Gradient clipping and gradient accumulation together

loveis98 · October 11, 2023, 12:05pm

I try to do gradient accumulation (from this) for RNN model, so I also need to clip gradient. Could you please clarify if I’m doing rigth these two operations in the code below (in the right order and logic)?

loss_function = nn.BCEWithLogitsLoss()
num_batches = 1
running_loss = 0.0
iters_to_accumulate = 4
scaler = GradScaler()

model.train()
for batch in tqdm(train_generator, desc='Training'):
        with autocast(device_type=device.type, dtype=torch.float16):
            output = torch.flatten(model(batch['features'], batch['category'])).to(device)
            batch_loss = loss_function(output, batch['label'].float())
            batch_loss = batch_loss / iters_to_accumulate

        scaler.scale(batch_loss).backward()

        if (num_batches) % iters_to_accumulate == 0:
            scaler.unscale_(optimizer)
            torch.nn.utils.clip_grad_norm_(model.parameters(), max_norm=1.)
            scaler.step(optimizer)
            scaler.update()
            optimizer.zero_grad()

        num_batches += 1

soulitzer · October 11, 2023, 4:22pm

When you do gradient accumulation are you supposed to average the gradients first before running the optimizer?

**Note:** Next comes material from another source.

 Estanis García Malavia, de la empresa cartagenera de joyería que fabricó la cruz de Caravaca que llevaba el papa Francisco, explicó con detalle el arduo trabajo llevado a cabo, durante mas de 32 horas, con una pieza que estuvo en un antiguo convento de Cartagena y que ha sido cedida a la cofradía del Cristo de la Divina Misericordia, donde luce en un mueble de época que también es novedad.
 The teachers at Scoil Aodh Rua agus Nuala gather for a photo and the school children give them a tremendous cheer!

If the point of gradient accumulation is to amortize the cost of the optimizer over a greater number of steps, then I’d guess no.

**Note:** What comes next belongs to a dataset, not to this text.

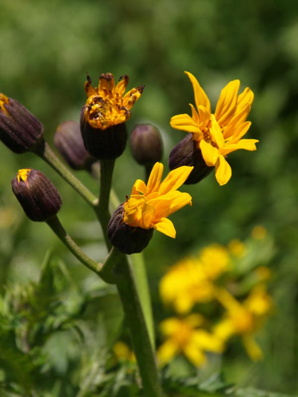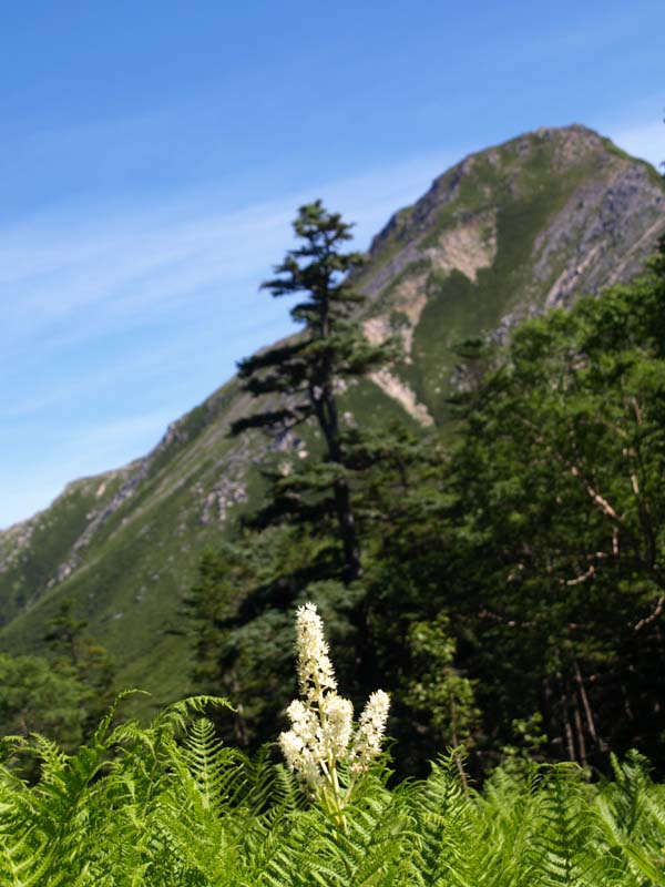 蝶槍からはかなり下ります。風は相変わらず強いのですが、道が稜線の東側に来ると風も弱く、日当たりのいい場所は高山植物の大群落になっていました。さらに下って、一度樹林帯の中に入ります。

In that case, you should increase your max_norm corresponding to how many iters you accumulate. Another question is how you are deciding your max_norm in the first place.

That’s just my intuition, but curious what the literature says here.

loveis98 · October 11, 2023, 5:29pm

Thank you, I didn’t find any evidence-based articles on how to choose max_norm value, I chose it empirically, depending on how the gradient norm of my model changes

loveis98 · October 16, 2023, 3:06pm

I would like to read the opinion of moderators also:)

ptrblck · October 16, 2023, 6:36pm

Your code looks fine as it sticks to this example.